SPECIAL RETIREMENT PLAN

Caremark Rx, Inc. (the “Company”) hereby adopts the Caremark Rx, Inc. Special Retirement Plan (the “Plan”). The primary purpose of the Plan is to provide supplemental non-qualified retirement benefits to a select group of the Company’s executive employees and their dependents.

 

1. Definitions

For the purpose of this Plan, unless the context requires otherwise, the following words and phrases shall have the meanings indicated below:

 

  1. Accrued Benefit — means an annual benefit payment equal in amount to 2.5% of a Participant’s Final Average Compensation multiplied by his or her Years of Service, and that is payable over a maximum ten (10) year period. For purposes of calculating each Participant’s Accrued Benefit, no more than 20 Years of Service will be taken into account.

 

  2. Beneficiary — means the individual so designated by the Participant on forms provided or accepted by the Committee to receive any remaining benefits to which the Participant is entitled under this Plan subsequent to the Participant’s death. If a Participant is married on the date on which he completes his or her designation form, the Participant must designate his or her Spouse as Beneficiary, unless the Spouse consents in writing to the selection of another Beneficiary or unless the Spouse is missing and the Participant affirms in writing that he or she has made reasonable attempts to locate such Spouse and has been unable to (these requirements termed the “Spousal Consent Requirements”). Any Participant may, at any time, revoke or change his or her Beneficiary designation by filing a new designation form, provided that he or she complies with the Spousal Consent Requirements at the time of such revocation or change.
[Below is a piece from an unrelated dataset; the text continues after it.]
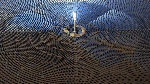 Aurora項目預(yù)計將為9 萬戶家庭供電,預(yù)計每年可生產(chǎn) 500GW的電力,排碳量也可減少200 萬噸。鏡場將布滿12,000 面塔式定日鏡,利用鏡子聚集太陽光至中央220米高的吸熱塔中,其內(nèi)部熔鹽(molten salt)將被加熱到攝氏565度。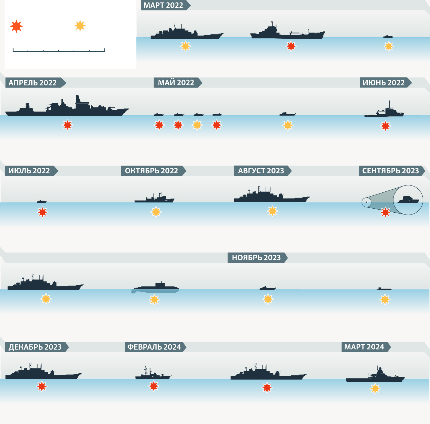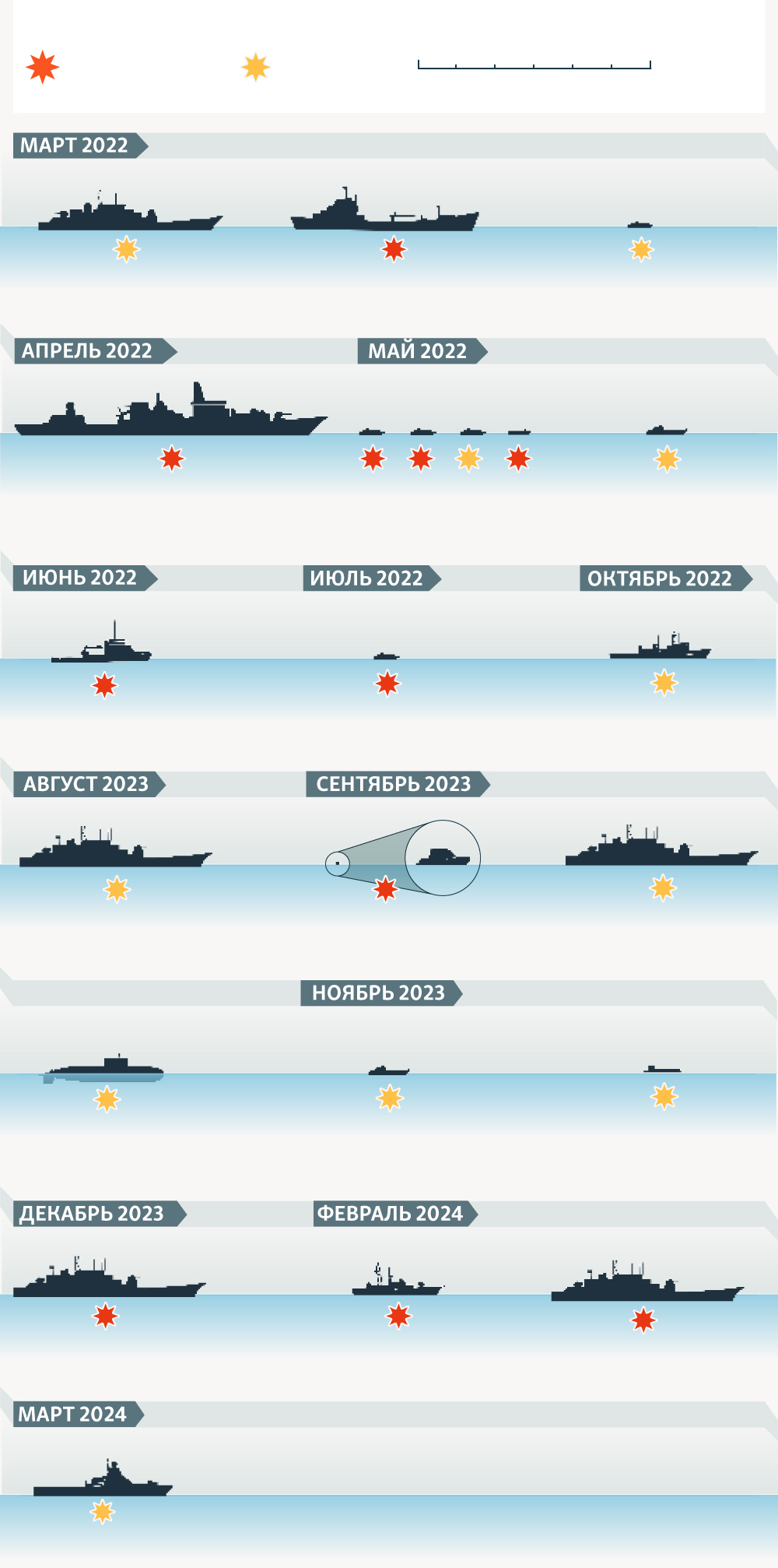 Около двух десятков российских военных кораблей были уничтожены или повреждены атаками Украины с начала полномасштабного вторжения РФ.

If no Beneficiary designation is made or if no named Beneficiary survives the Participant, then the Participant’s Beneficiary shall be the Participant’s Spouse on the date of his or her death, unless the Participant does not have a Spouse at the date of his or her death, in which case there will be no Beneficiary entitled to any benefits under this Plan upon the death of the Participant.

 


  3. Cause — means, with respect to any Participant who is covered by an employment agreement executed between such Participant and the Company (or one of its subsidiaries) in which the term is so defined in the employment agreement, the definition of “Cause” set forth in the Participant’s employment agreement. Notwithstanding the foregoing, with respect to any other Participant, the term “Cause” shall mean (i) a conviction by a court of competent jurisdiction of a felony; (ii) a refusal, failure or neglect to perform duties in a manner that is materially detrimental to the business or reputation of the Company; (iii) the engagement in illegal, unethical or other wrongful conduct that is materially detrimental to the business or reputation of the Company; or (iv) the development or pursuit of interests materially adverse to the Company. With respect to clauses (ii) and (iv) of this Section 1.3, “Cause” shall only exist if the Company has given the Participant thirty (30) days prior written notice of and opportunity to cure any conduct or deficiency in performance by the Participant that the Company believes constitutes “Cause” under this Section 1.3 and the Participant has not cured such non-compliant conduct or performance during such notice period. Notwithstanding the foregoing, there will be no thirty (30) day prior notice requirement on the part of the Company or opportunity to cure under clauses (ii) or (iv) of this Section 1.3 if the Company reasonably determines that such non-compliant conduct or performance cannot be satisfactorily cured.

 

  4. Change in Control — means, with respect to any Participant who is covered by an employment agreement executed between such Participant and the Company (or one of its subsidiaries) in which the term is so defined in the employment agreement, the definition of “Change in Control” set forth in the Participant’s employment agreement. Notwithstanding the foregoing, with respect to any other Participant, the term “Change in Control” shall have the same meaning as ascribed thereto in the Caremark Rx, Inc. 2004 Incentive Stock Plan, as amended.

 

  5. Code —means the Internal Revenue Code of 1986, as amended, or any successor statute.

 

  6. Committee —means the Compensation Committee of the Board of Directors of the Company.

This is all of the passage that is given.